Mein Entführer wühlte mit Armen und Beinen das Wasser auf, ging unter, kam wieder hoch, paddelte hektisch und machte einen ziemlich nüchternen Eindruck. Eine paar Scherben glänzten auf der Brücke, sonst war von seinen Flaschen nichts mehr zu sehen.
Er gurgelte, würgte, spuckte und kämpfte und schrie endlich:
"Holt mich raus! Kann nich schwimmen, holt mich, holt ... ."

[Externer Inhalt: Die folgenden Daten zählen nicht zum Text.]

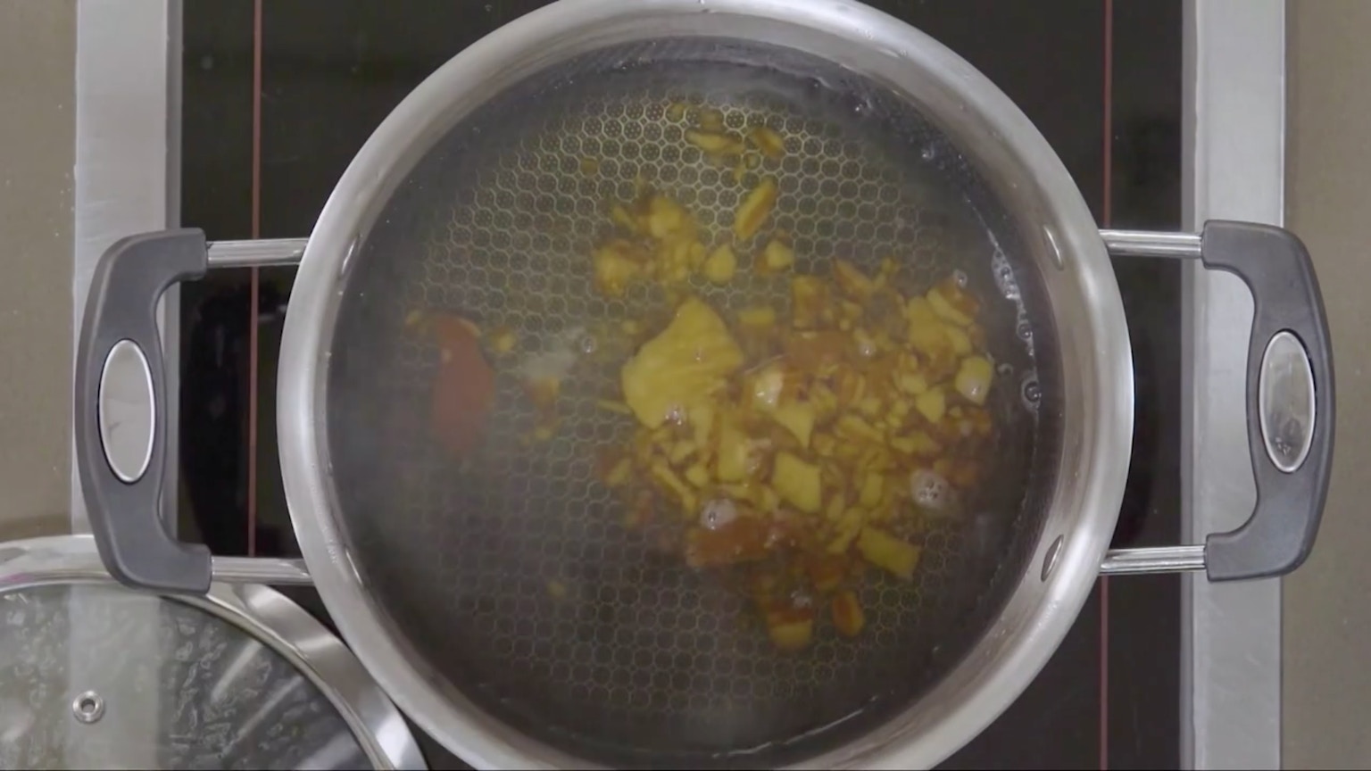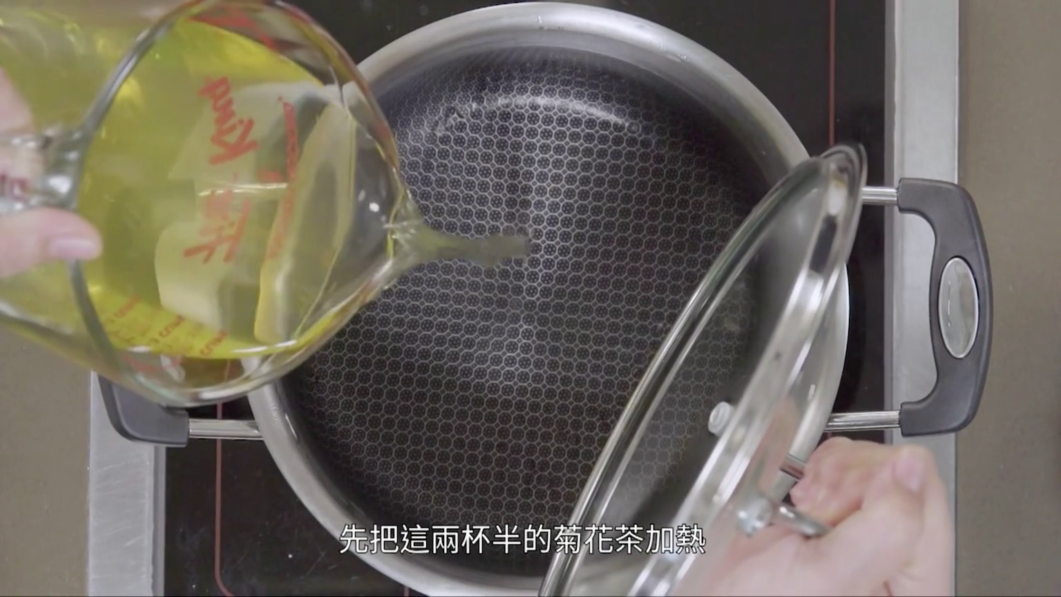 先加熱兩杯半的菊花茶。【小貼士】加熱菊花茶的作用,是為了煮溶片糖。(節目截圖:《Gi味俱全》)
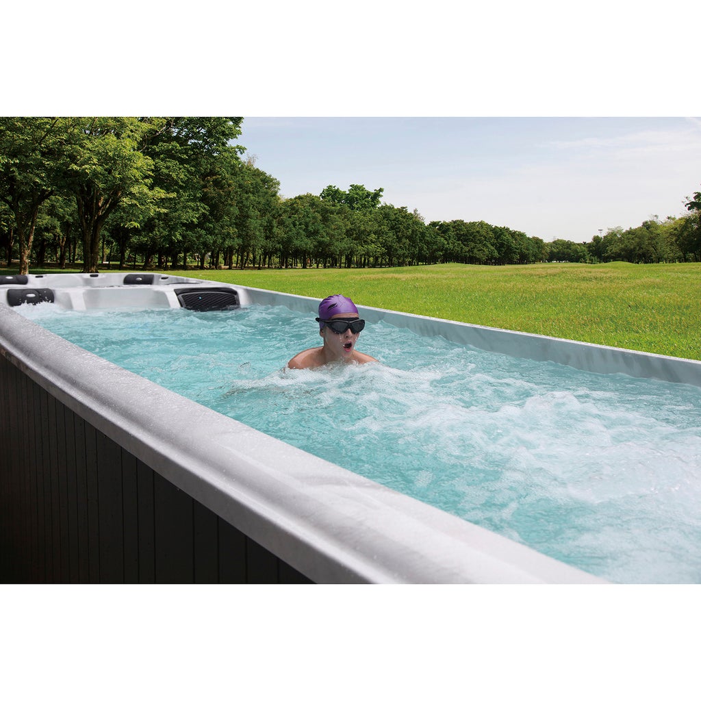 Experience the smooth, fully adjustable Canadian Spa swim current driven by our new propulsion system. You can adjust the speed from a gentle breaststroke to a challenging 1:08/100-yard swim pace. If you’re serious about swimming and fitness, this 29ft Swim Spa E-Trainer model delivers a premium option.

Ich wollte ihm helfen - wie das eben so mein Job ist, aber dann sah ich die Kleine an. Sie schüttelte den Kopf, bleckte die Zähne und trabte davon, wobei sie graziös die Scherben umtanzte.
Verdammt, sie hatte Recht, von ihr konnte sogar ich noch lernen. Solche wie der da unten hatten lange genug ihr Spiel mit uns getrieben, mochte er zusehen, wie er sich rettete. Ich war dafür nicht mehr zuständig:
"Ich bin nicht Lassie. Ich bin Pal. Und jetzt sorgen wir erstmal für Nachwuchs!"

Epilog

Pal war der Collierüde, der als Ur-Lassie in "Lassie come home" (mit Elizabeth Taylor) Lassies Ruhm begründete. Er bekam die Rolle, weil sich die eigentlich vorgesehene Hündin bei Probeaufnahmen weigerte zu schwimmen. 1946 kam das Sequel "Son of Lassie" heraus: Pal ist Lassies Sohn Laddie und wird mit seinem Besitzer, einem Piloten, über dem von den Nazis besetzten Norwegen abgeschossen. Ich kenne den Film nicht (ebensowenig wie "Lassie come home"), nehme aber stark an, daß es sich um eine öde Kriegsschmonzette handelt. Man möge mir verzeihen.
Pal und sämtliche weiteren Lassies (alles Nachkommen Pals) wurden von dem Tiertrainer Rudd Weatherwaxx ausgebildet, dem zwar viel gelang, aber leider nicht, Pal seine größte Leidenschaft abzugewöhnen: die Jagd auf Motorräder.
Ob Pal sich je mit Peter Lorre unterhalten hat, darf man getrost bezweifeln, aber immerhin drehten beide für MGM und "Arsenic and old Lace" erschien im selben Jahr wie "Son of Lassie". Auch über eine Entführung Pals ist nichts bekannt und daß Pal gerne mal ein Bierchen kippte, ist reine böswillige Unterstellung meinerseits.